Страх стал заползать в душу бывалого воина. Вакей поежился, словно почувствовал холодное дуновение, передернул плечами. А старик открыл глаза, глянул в его сторону и усмехнулся:

— Да и не одолеть тебе Станяту в поединке.

— Почему это? — гордыня вернулась к Вакею, оттесняя страх. — Я знатный вой! Я не ведал поражения ни в походах, ни на поле брани. Да обо мне слава не у плетня лежит, а по земле летит!

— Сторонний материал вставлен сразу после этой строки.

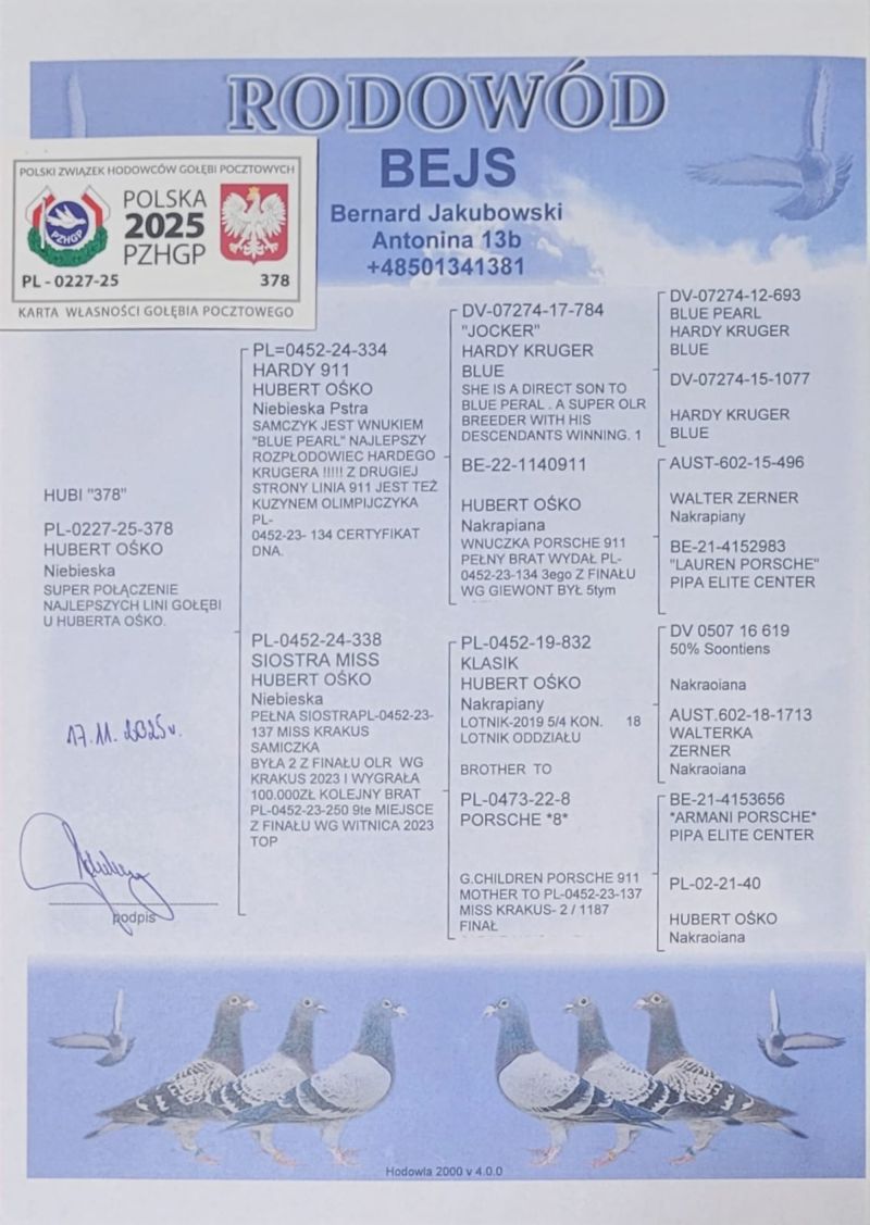 Płeć: młody gołąb Hodowca - rasa: oryg. Bernard Jakubowski Zakończenie: 27.12.2025 godz. 14:56
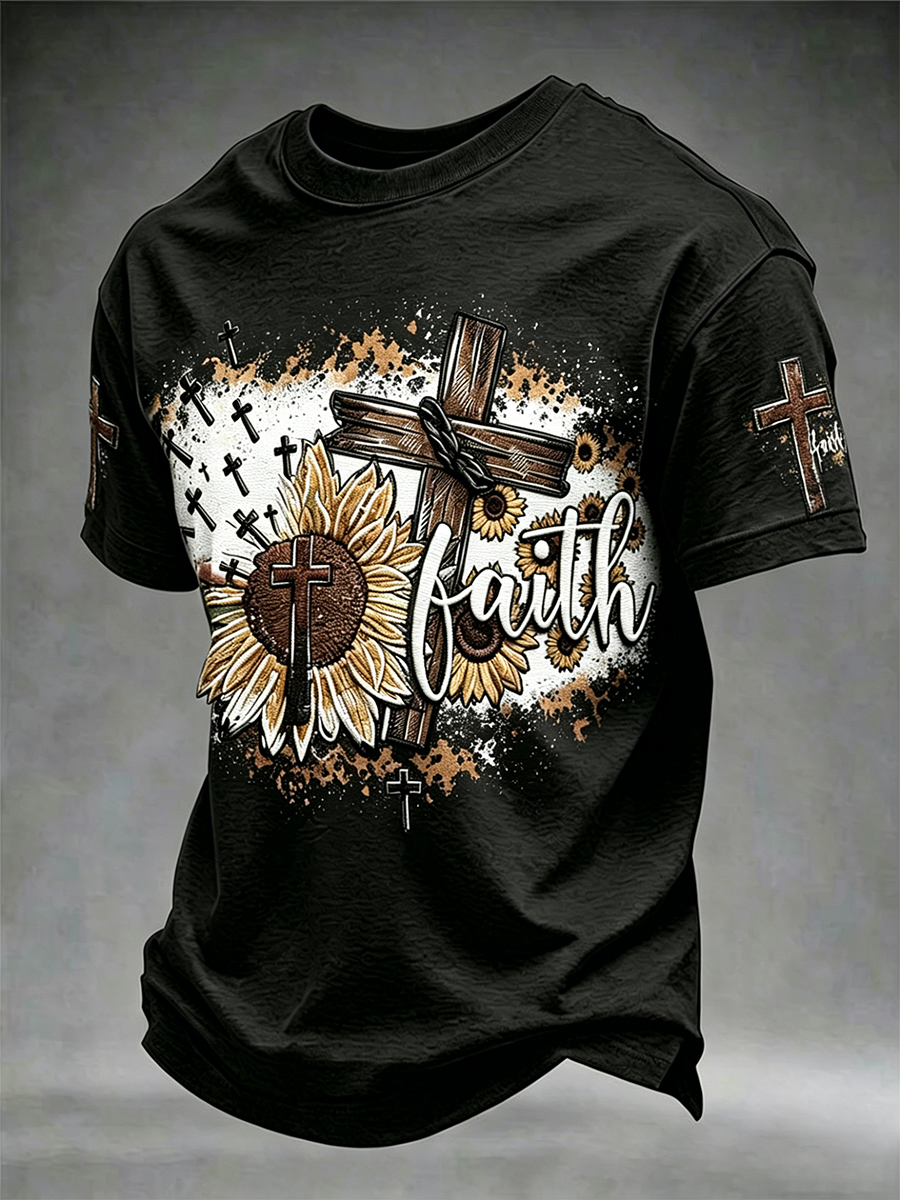 Men's Yeshua Faith Cross Printed Short Sleeve T-shirt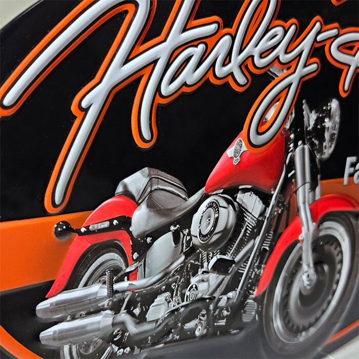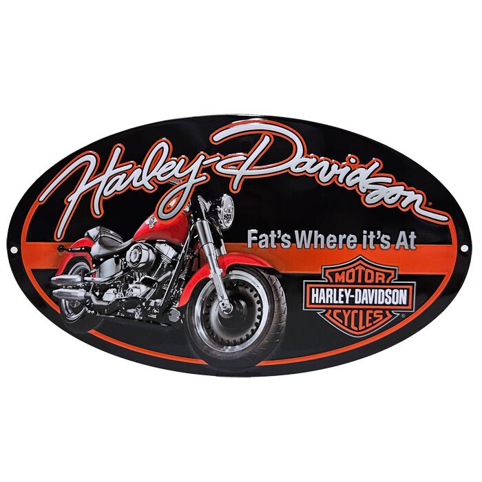 HARLEY DAVIDSON ハーレーダビッドソン エンボスメタルサイン H-D Fat Boy Oval 看板 Ande Rooney

— Слышал я баллады те, потому и пришел уберечь. И маленький позор большую славу затмевает. Не о том речь.

— О чем?

— Карислава покроет мужа своего покрывалом кляти. Удвоит силы его, отдав до капельки свою. Не победить тебе. — Старик поднялся с валуна и, не обронив больше и словечка, побрел по тропинке, что змейкой протянулась вдоль реки. Долго еще эхо доносило стук его посоха.

 

Вакей упал на горячий песок, закрыл глаза, вызволяя из памяти милый облик Кариславы. Легкий стан в цветастом сарафане. Густая коса цвета переспелой ржи. И глазища! Большие, карие, как омут глубокие. Он повстречал ее в Купальскую ночь, когда недремлющая нечистая сила старалась покрыть землю густым мраком, чтобы люди не могли насладиться волшебством и таинственностью. Не могли отыскать ни огненный цвет папоротника, ни подземных сокровищ, которые в эту ночь оказывались на поверхности. Но большие костры разгоняли мрак, а хороводы с песнями и смехом заглушали перешептывание кустов и деревьев. Вакею тогда почудилось, что Карислава – одна из силы нечистых, принявшая облик человеческий. Ибо он никогда не встречал среди рода людского столь прекрасной девы. Он утонул в ее глазах. Он разум потерял. Он пропал навеки.

 

Вакей вскочил, тряхнул головой, отгоняя наваждение:

— Да что это со мной? — вскрикнул он, напугав веселую ватагу воробьев, плескавшихся в лужице. — Почему я так слепо доверился словам кудесника? Может, кривду он посеял, и страх взошел из тех семян? Сходить бы надобно мне в Лес Черный да наведать ведьму лихую, одноглазую. Она живет уж триста лет. Сказывал мне дед, что видел ее, будучи несмышленым ребенком, и она уже тогда была древней старухой. Знать, смерти она не знает, а вот знаниями владеет несметными. Вот, кто мне подскажет, как одолеть Станяту.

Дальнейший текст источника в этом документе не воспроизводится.